Já notastes que, quando reagis a uma dada coisa totalmente, com todo o coração, quase não fica memória? É só quando não respondeis a um desafio com o vosso médio ser que se apresenta o conflito, a luta exagerados que acarretam prazer que leva à dor. A luta gera memória. Essa memória é continuamente acrescentada por outras memórias, e são essas memórias que reagem. Memória em excesso faz-nos velhos, e por conseguinte, não livres. Liberdade de pensamento é algo que não existe; é puro contra-senso.
O pensamento nunca é novo, porque o pensamento é a resposta da memória, da experiência, do conhecimento. O pensamento, que é velho, torna também velho aquilo que olhastes com deleite e que por um momento sentistes profundamente, do velho vem o prazer que leva à dor; do eterno vem o prazer sem dor. No eterno não existe o tempo.

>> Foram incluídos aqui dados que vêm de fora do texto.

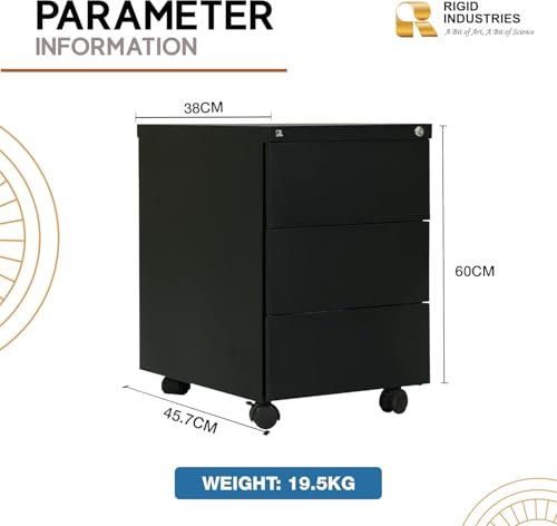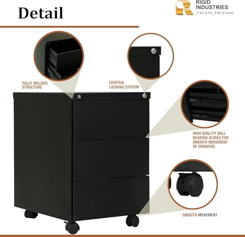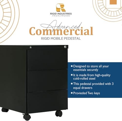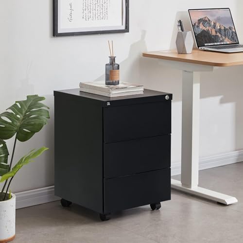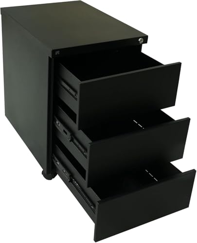 FurniFlex - وحدة تخزين متحركة من الستيل الصلب تحتوي على 3 أدراج من فيرني فليكس، لون أسود
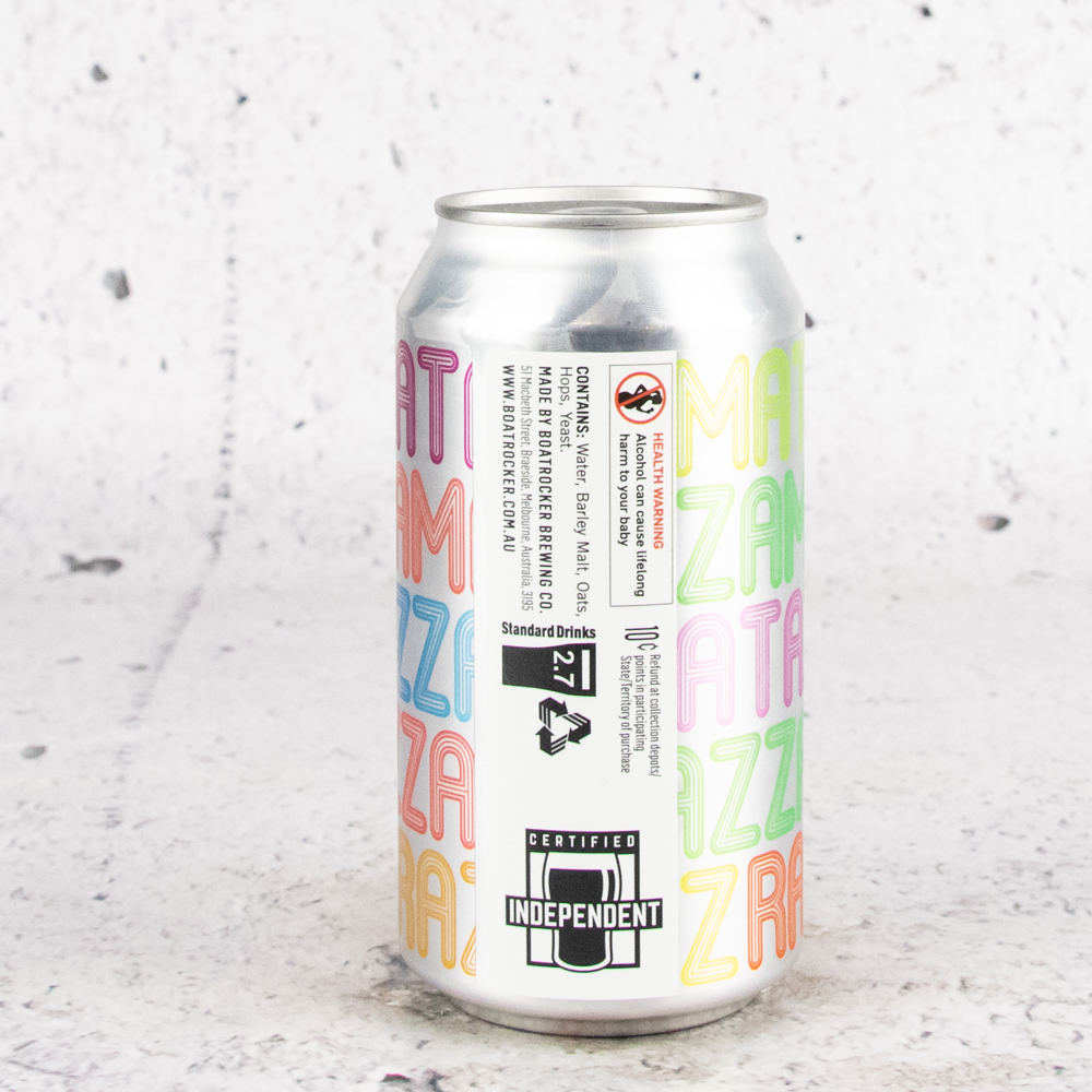 Razzamatazz is a pilsner on steroids at 9% ABV, which we aged in Chardonnay barrels to provide some woody and winey characters. Created to showcase what boatrocker does best – traditional styles, traditional techniques but with distinctive Boatrocker flair. – Boatrocker Brewers and Distillers
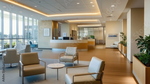 Contemporary waiting area in a doctor's office, featuring soft lighting, plush chairs, and a welcoming atmosphere, emphasizing patient-centric design.

Assim, se puderdes vivenciar todas as coisas sem permitir a intrusão do tempo - olhar uma rosa, uma ave, a cor de um sari, a beleza de uma extensão de água rutilando ao sol, ou qualquer coisa deleitável; ouvir um fado, um acordeon, um Bethoven; saborear um cozido, um ananás, uma imperial um cacau quente; fundir-vos com o vosso homem, a vossa mulher; cheirar uma rosa, um cravo, um tremoçal... - se puderdes sentir assim, sem desejardes demasiado que a experiência se repita, então não haverá dor, nem medo e, por conseguinte, haverá uma alegria infinita.
É a luta exagerada ou a falta dela para repetir e perpetuar o prazer que o converte em dor. Observai isso em vós mesmos. Pensar e procurar o prazer somente repetindo também produz dor, porque ainda nada nem ninguém é a mesma coisa de ontem. Lutais para alcançar o mesmo deleite não só para o vosso senso estético, mas também para a vossa mente e corpo e ficais magoado e desapontado, porque ele vos é negado.
Já observastes o que acontece quando vos é negado um pequeno prazer? Esquecendo o prazer do descanso? Quando não tendes o que desejais, vos tornais ansiosos, invejosos, rancorosos. Já notastes que quando vos é negado o prazer de fumar ou de beber, o prazer sexual ou outro qualquer - já notastes as lutas que tendes de sustentar? E tudo isso é uma forma de medo, não é verdade? Tendes medo de não obter o que desejais ou de perder o que possuis. Quando uma dada fé ou ideologia que cultivais há muitos anos é abalada ou vos é arrebatada pela lógica da vida, não tendes medo de vos verdes só? Essa crença vos proporcionou durante anos satisfação e prazer, e quando vos é retirada ficais desgovernados(as), vazios, e o medo perdura até achardes outras formas de prazer, outra crença.
Isso me parece muito simples, e, por ser tão simples, não queremos ver a sua simplicidade. Gostamos de complicar tudo. Se vossa esposa ou marido vos abandona, não sentis ciúme? Não sentis raiva? Não odiais o homem que a seduziu? E que é tudo isso senão o medo de perder o que vos dava muito prazer, de perder essa companhia, perder aquela segurança e satisfação conferidas pela posse?"